Using as an example the most dangerous nine invasive mammals of Northern Eurasia (Castor canadensis, Ondatra zibethicus, Apodemus agrarius, Mus musculus, Rattus rattus, R. norvegicus, Nyctereutes procyonoides, Procyonlotor and Neogale vison), the patterns of formation of their distribution ranges in new regions are considered. The wide invasive ranges of intentionally introduced species (O. zibethicus, N. vison, and N. procyonoides) have formed over 60-70 years. This was possible due to a wide geographical spread of release sites (primary centers or cores), a huge number of released animals, and the subsequent merger of these cores in the continuous range due to the mammal self-dispersals. Two other North American intentionally introduced species (C. canadensis and P. lotor) are distributed regionally due to a set of factors (biological, natural, competitive relationships). The range of accidentally introduced species (the commensal rodents M. musculus, R. rattus, and R. norvegicus) was formed as humans explored the Earth.
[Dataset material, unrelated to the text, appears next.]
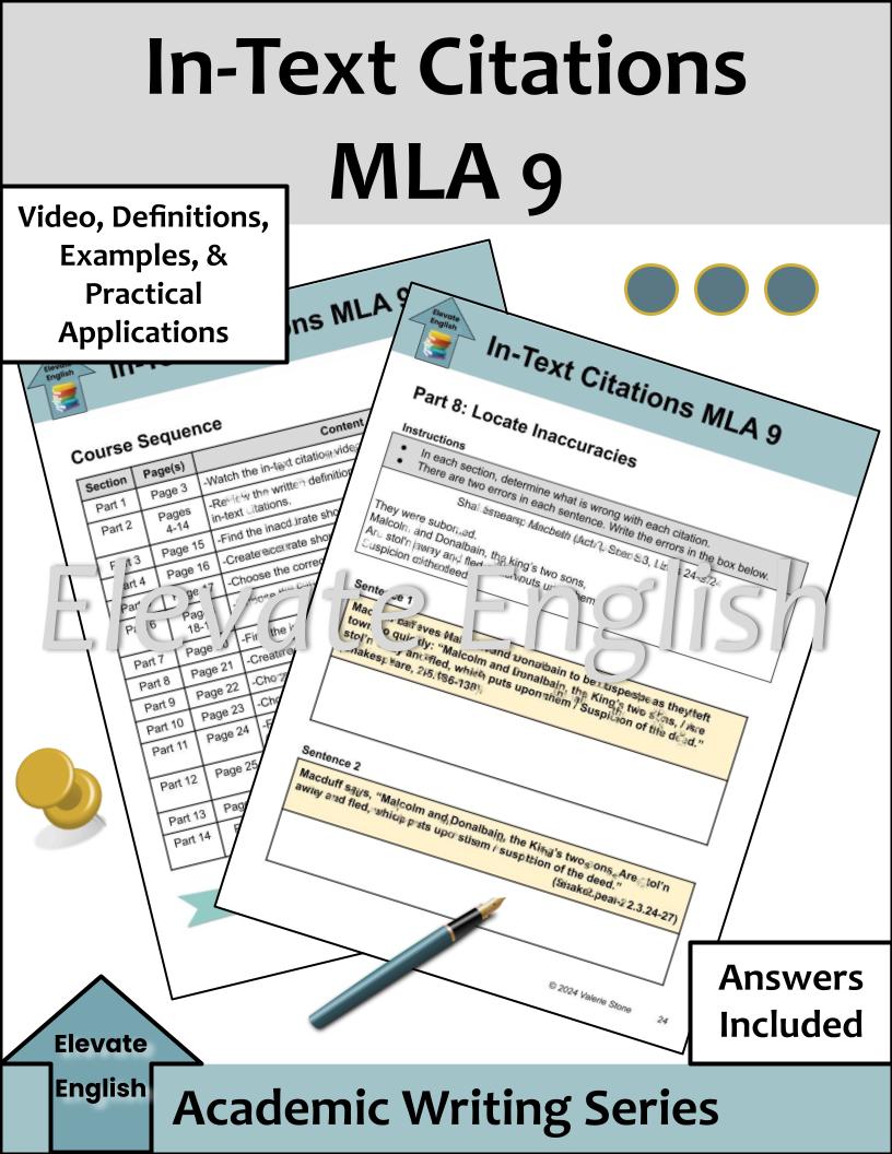 “In-Text Citations MLA 9” is an installment of Elevate English's Academic Writing Series, designed to make writing clear and accessible to all learners! Future guides designed to support literary analysis writing will likely include various scaffolding tools and organizers to assist students in structuring their essays and developing their analytical skills. Enroll in "In-Text Citations MLA 9" today, and begin the academic writing adventure!

The agrophilous rodent A. agrarius in Eastern Europe was spread by itself to the north of the native range as forests were cleared for plowing and to the south for irrigation. The rate of change in the boundaries of the range and the distance of their shift decreased in the following order: intentional introduction, accidental introduction, and self-dispersal. Maps of the movements of the invasive mammal range were created. The informativeness of such maps is determined by available zoological material. They are of interest, because they reveal the habitats of invasive species, the speed of their dispersal, and regions for planning measures to minimize the negative consequences of invasions.